Here’s what I can say with confidence. College is supposed to challenge you — to present you with new ideas and give you new ways of thinking. If we believe what we’re told in these articles, Jesse Kilgore reacted poorly to that challenge because it demonstrated that the mythology he had build his identity around defending was exposed as a lie. So he grew depressed to the point of suicide.

That, however, is not the fault of the college or the intellectual challenges that go along with it. It would be the fault of mythmongers who convinced Jesse to invest his entire ego in evangelizing a fairy tale. Which makes using Jesse’s death to attack on atheism, biology, college, and education represensible — these are the very things that, if Jesse had been exposed to them and allowed to work things out for himself could have given him the tools to handle the complexities of the real world.

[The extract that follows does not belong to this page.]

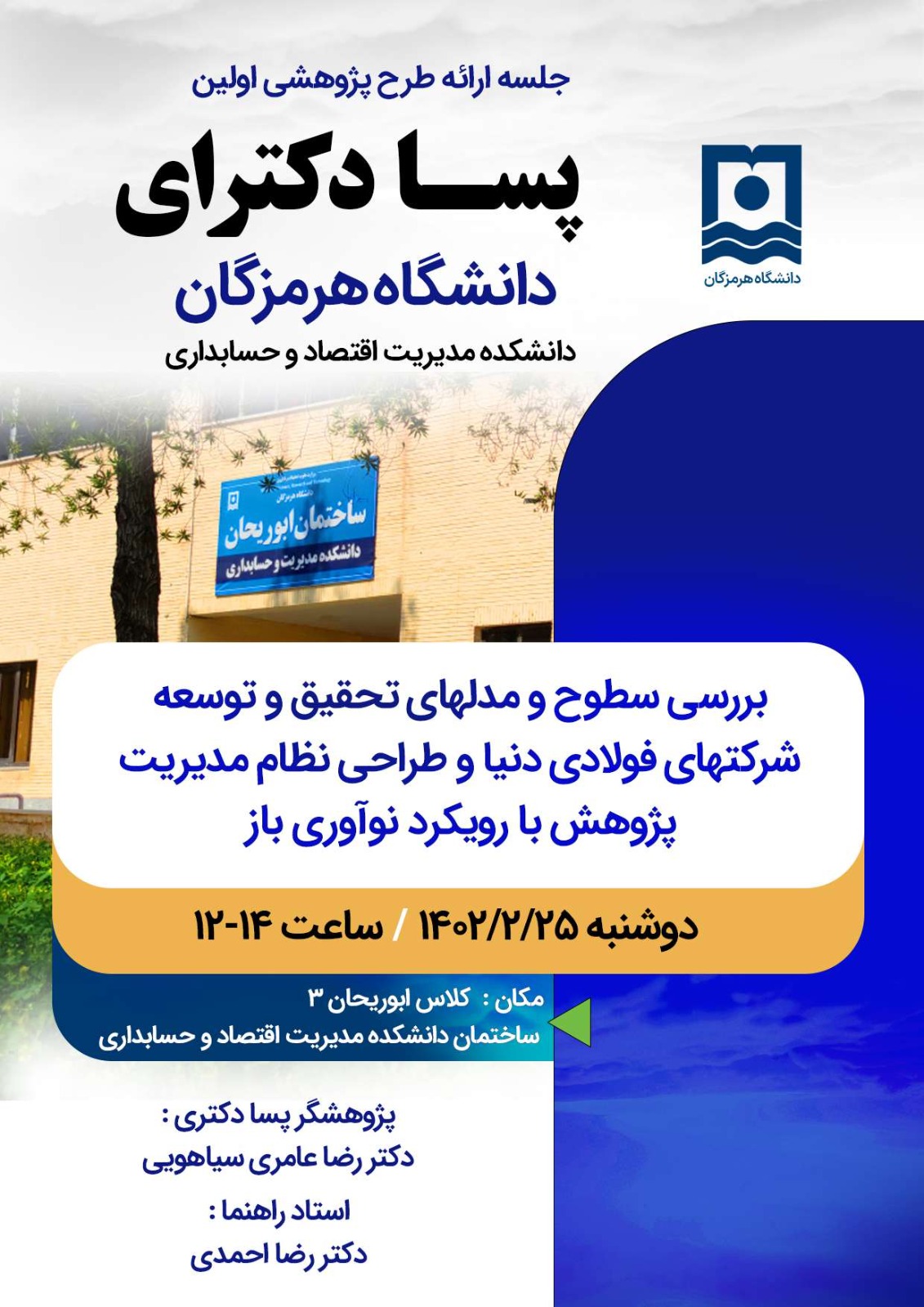 جلسه ارائه طرح پژوهشی اولین پسا دکترای در دانشگاه هرمزگان

There is real danger in buying into this kind of mythology even if it is well-intentioned; if my guesses about what happened to poor Jesse Kilgore are right, growing up in a balkanized, ultra-Christianized subculture that excluded it created in him a psychological framework that, once its central support was exposed for what it was, made death seem preferable to life.

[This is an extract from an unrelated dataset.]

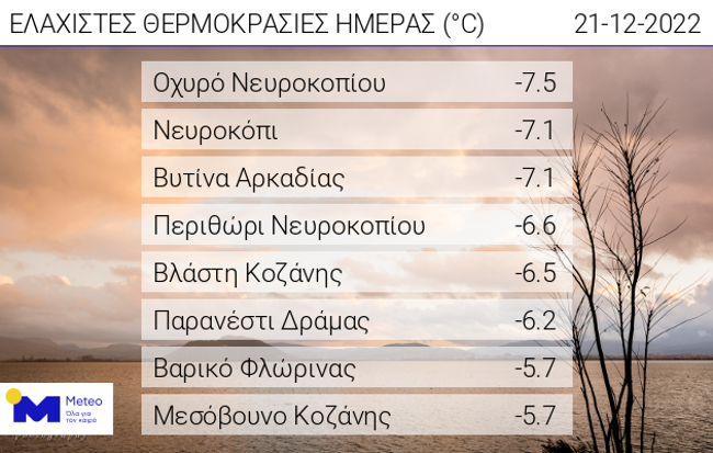 Η χαμηλότερη θερμοκρασία καταγράφηκε στον μετεωρολογικό σταθμό στο Οχυρό Νευροκοπίου και ήταν ίση με -7,5 βαθμούς Κελσίου. Οι επόμενες χαμηλότερες ελάχιστες θερμοκρασίες καταγράφηκαν σε Νευροκόπι (-7,1), Βυτίνα Αρκαδίας (-7,1), Περιθώρι Νευροκοπίου (-6,6), Βλάστη Κοζάνης (-6,5), Παρανέστι Δράμας (-6,2) και Βαρικό Φλώρινας (-5,7).

UPDATE: Apparently, Chaplain Keith Kilgore was, and may still be, a member of something called the Presidential Prayer Team. Perhaps another piece of the overall picture.

* I hesitate to link to a photograph of Jesse here. You can see it in Jesse’s blog, which survives him. I would post it because the intelligence and happiness of this young man is obvious from his picture; I would post it as a sign of respect for him. But I fear that in the event that his family stumbles across this blog, which has a very different view from that which they would prefer to see, they would take it as an offense. Now, I do challenge some of what Keith Kilgore says about the situation here, but not from a place of disrespect. Because Mr. Kilgore’s son is recently dead, and because he seems intent on blaming an unnmaed biology professor, Richard Dawkins, and atheists generally for his son’s death, it is easy to anticipate an emotional response to what I write today. If you are reading this post, Mr. Kilgore, please understand that no disrespect to you or your son is intended herein, and know that you and your family have my deep sympathies. I write to suggest that your anger is misplaced and that you take a step back to examine the motives of the people who are giving you this sure-to-be-very temporary burst of publicity.

Burt Likko

Pseudonymous Portlander. Homebrewer. Atheist. Recovering litigator. Recovering Republican. Recovering Catholic. Recovering divorcé. Recovering Former Editor-in-Chief of Ordinary Times. House Likko's Words: Scite Verum. Colite Iusticia. Vivere Con Gaudium.

One Comment

  1. I know this was tough to write, but it had to be done and and you did it very well. I think you’re exactly right about Chaplain Kilgore. He’s lashing out. But I can’t pretend that in his shoes I’d do any better. No one knows how they’ll deal with that real-world hell until they’ve been there. Awful and tragic.